▶ [Provided material]
---+---
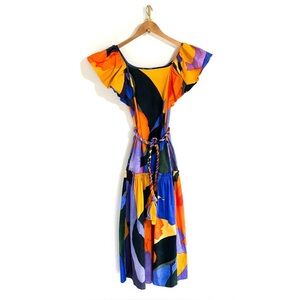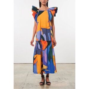 Zarela is a maxi column dress with flared shoulders and exaggerated flutter sleeves. Made from sustainable organic cotton poplin with a custom watercolor print, hand painted in-house.
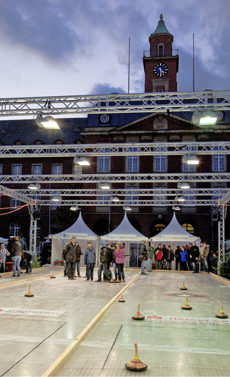 Attraktionen wie Lattlschießen und Curling kennt man eigentlich nur in Wintersportgebieten. Die Stadtmarketing Herne GmbH nutzte diese Nische und holte diese Attraktionen ins Ruhrgebiet. Jährlich verwandelt sich nun der Herner Rathausplatz in eine 25 m lange und 10 m breite Eisstockbahn. Um solche Eisbahnevents zu realisieren, braucht es Erfahrung, Delta-Temp hilft seit 2011 bei der Umsetzung des aufwendigen Projekts. Der Aufbau einer mobilen Eisbahn durch Delta-Temp gestaltet sich immer in folgenden Schritten:
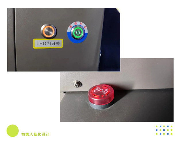 此款設備安裝有LED燈開關,用戶可以根據需要來選擇開啟或是關閉。另外,該款機型還配備有智能缺墨報警系統,在墨水量達到警戒線以下時,會有警報聲響起,提醒工作人員及時加墨�
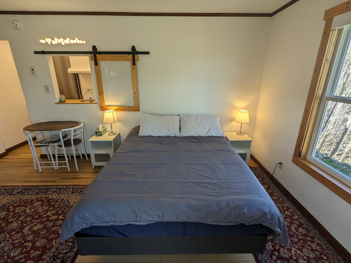 Studio apartment with king bed and full kitchen located in desirable Placer Valley subdivision in Alma, 12 miles to Breckenridge. Apartment is above the detached garage with private entrance. Relax with the creek right outside your door, amazing views, and quiet neighborhood. Great access to skiing, hiking, fishing, biking, 4x4, or simply take a walk along the south platte river that flows through the middle of the neighborhood in the valley.
---+---
▶ [Task to complete] Excluding images, output exactly the lines from the one that holds "Attraktionen wie Lattlschießen" through the final line of the material, both ends included.

▶ [Output]
 Attraktionen wie Lattlschießen und Curling kennt man eigentlich nur in Wintersportgebieten. Die Stadtmarketing Herne GmbH nutzte diese Nische und holte diese Attraktionen ins Ruhrgebiet. Jährlich verwandelt sich nun der Herner Rathausplatz in eine 25 m lange und 10 m breite Eisstockbahn. Um solche Eisbahnevents zu realisieren, braucht es Erfahrung, Delta-Temp hilft seit 2011 bei der Umsetzung des aufwendigen Projekts. Der Aufbau einer mobilen Eisbahn durch Delta-Temp gestaltet sich immer in folgenden Schritten:
 此款設備安裝有LED燈開關,用戶可以根據需要來選擇開啟或是關閉。另外,該款機型還配備有智能缺墨報警系統,在墨水量達到警戒線以下時,會有警報聲響起,提醒工作人員及時加墨�
 Studio apartment with king bed and full kitchen located in desirable Placer Valley subdivision in Alma, 12 miles to Breckenridge. Apartment is above the detached garage with private entrance. Relax with the creek right outside your door, amazing views, and quiet neighborhood. Great access to skiing, hiking, fishing, biking, 4x4, or simply take a walk along the south platte river that flows through the middle of the neighborhood in the valley.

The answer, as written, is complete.